» Exercise brief
Your answer should hold only the lines from the one containing "Sad driver standing" through the last line below, copied exactly; pictures stay out.
== Exercise data
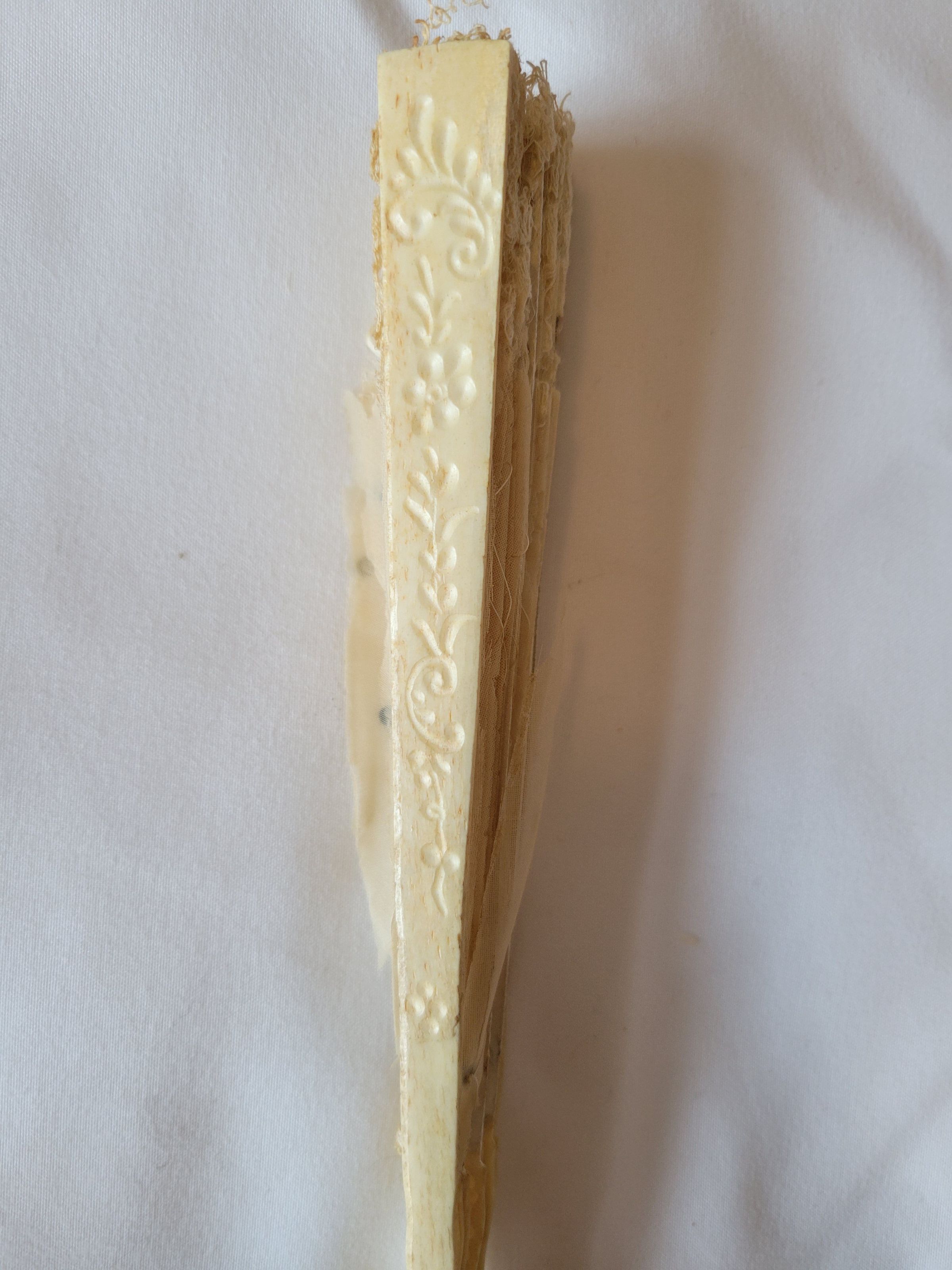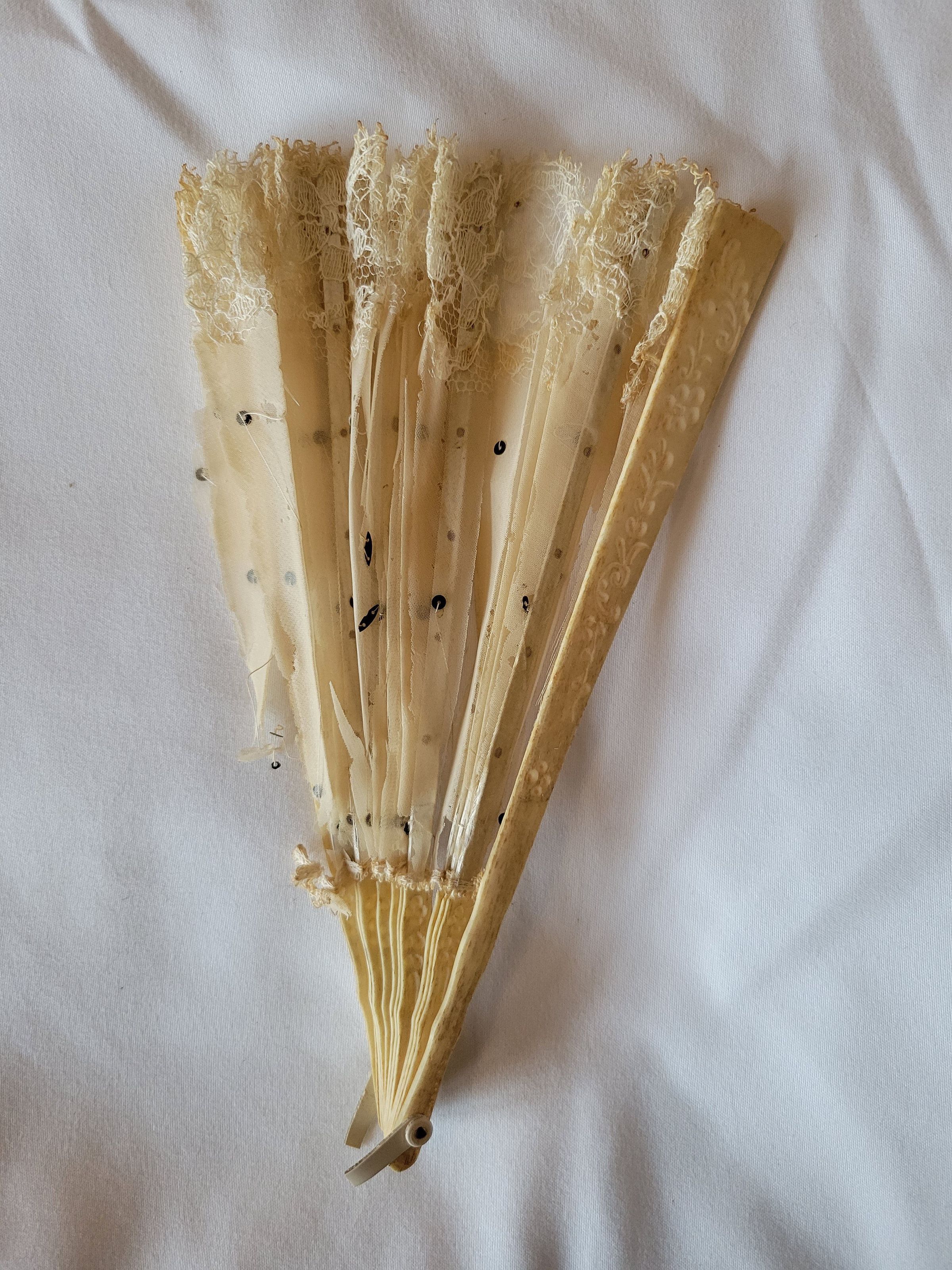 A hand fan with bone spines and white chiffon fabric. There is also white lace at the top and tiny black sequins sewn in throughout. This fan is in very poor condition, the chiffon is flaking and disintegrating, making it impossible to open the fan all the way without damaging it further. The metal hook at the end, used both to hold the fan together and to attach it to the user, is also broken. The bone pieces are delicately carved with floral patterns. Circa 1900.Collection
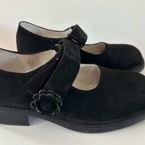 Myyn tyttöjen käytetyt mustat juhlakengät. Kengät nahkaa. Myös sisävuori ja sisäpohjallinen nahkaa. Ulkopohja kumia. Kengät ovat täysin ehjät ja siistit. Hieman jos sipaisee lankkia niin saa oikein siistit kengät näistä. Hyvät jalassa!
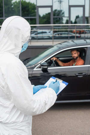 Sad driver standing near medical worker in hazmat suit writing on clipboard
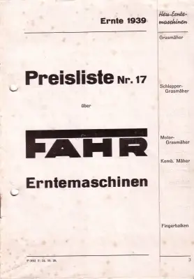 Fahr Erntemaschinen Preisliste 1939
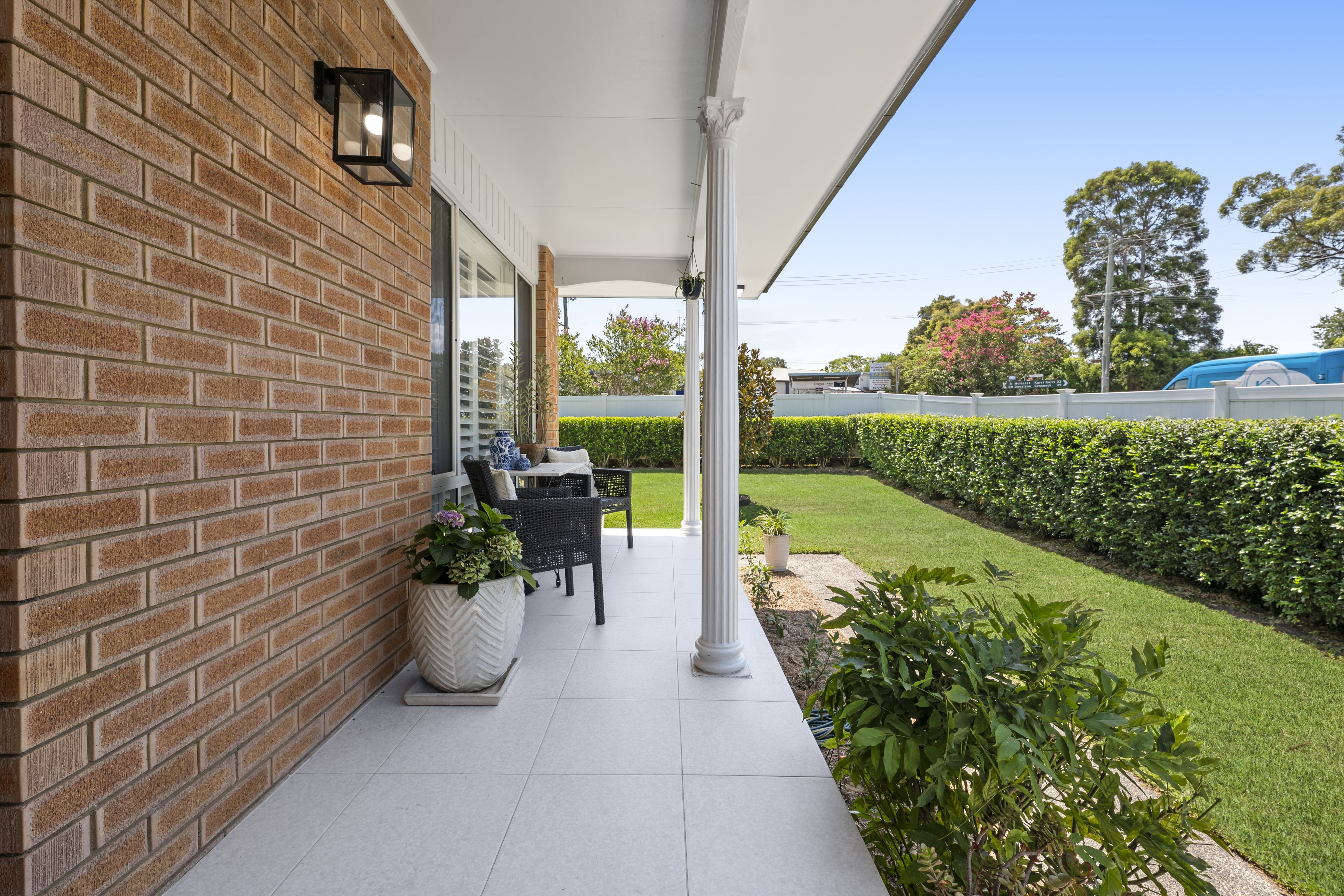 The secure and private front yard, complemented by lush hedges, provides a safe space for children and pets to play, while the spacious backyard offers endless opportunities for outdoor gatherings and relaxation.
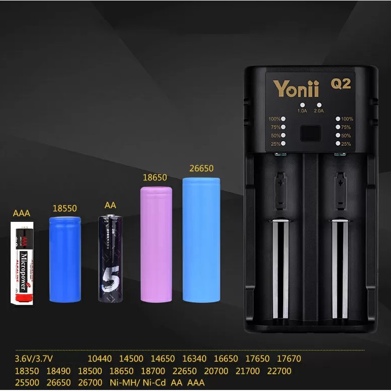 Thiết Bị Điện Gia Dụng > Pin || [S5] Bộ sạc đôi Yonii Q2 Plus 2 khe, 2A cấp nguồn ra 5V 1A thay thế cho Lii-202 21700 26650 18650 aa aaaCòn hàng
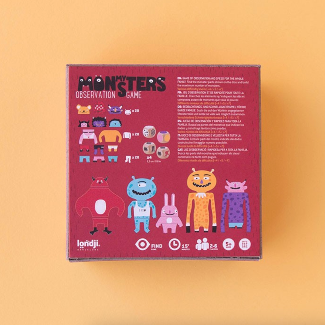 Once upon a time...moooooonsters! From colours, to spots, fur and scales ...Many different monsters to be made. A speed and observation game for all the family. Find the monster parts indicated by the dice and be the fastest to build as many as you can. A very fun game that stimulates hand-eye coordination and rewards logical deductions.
====
» Result
 Sad driver standing near medical worker in hazmat suit writing on clipboard
 Fahr Erntemaschinen Preisliste 1939
 The secure and private front yard, complemented by lush hedges, provides a safe space for children and pets to play, while the spacious backyard offers endless opportunities for outdoor gatherings and relaxation.
 Thiết Bị Điện Gia Dụng > Pin || [S5] Bộ sạc đôi Yonii Q2 Plus 2 khe, 2A cấp nguồn ra 5V 1A thay thế cho Lii-202 21700 26650 18650 aa aaaCòn hàng
 Once upon a time...moooooonsters! From colours, to spots, fur and scales ...Many different monsters to be made. A speed and observation game for all the family. Find the monster parts indicated by the dice and be the fastest to build as many as you can. A very fun game that stimulates hand-eye coordination and rewards logical deductions.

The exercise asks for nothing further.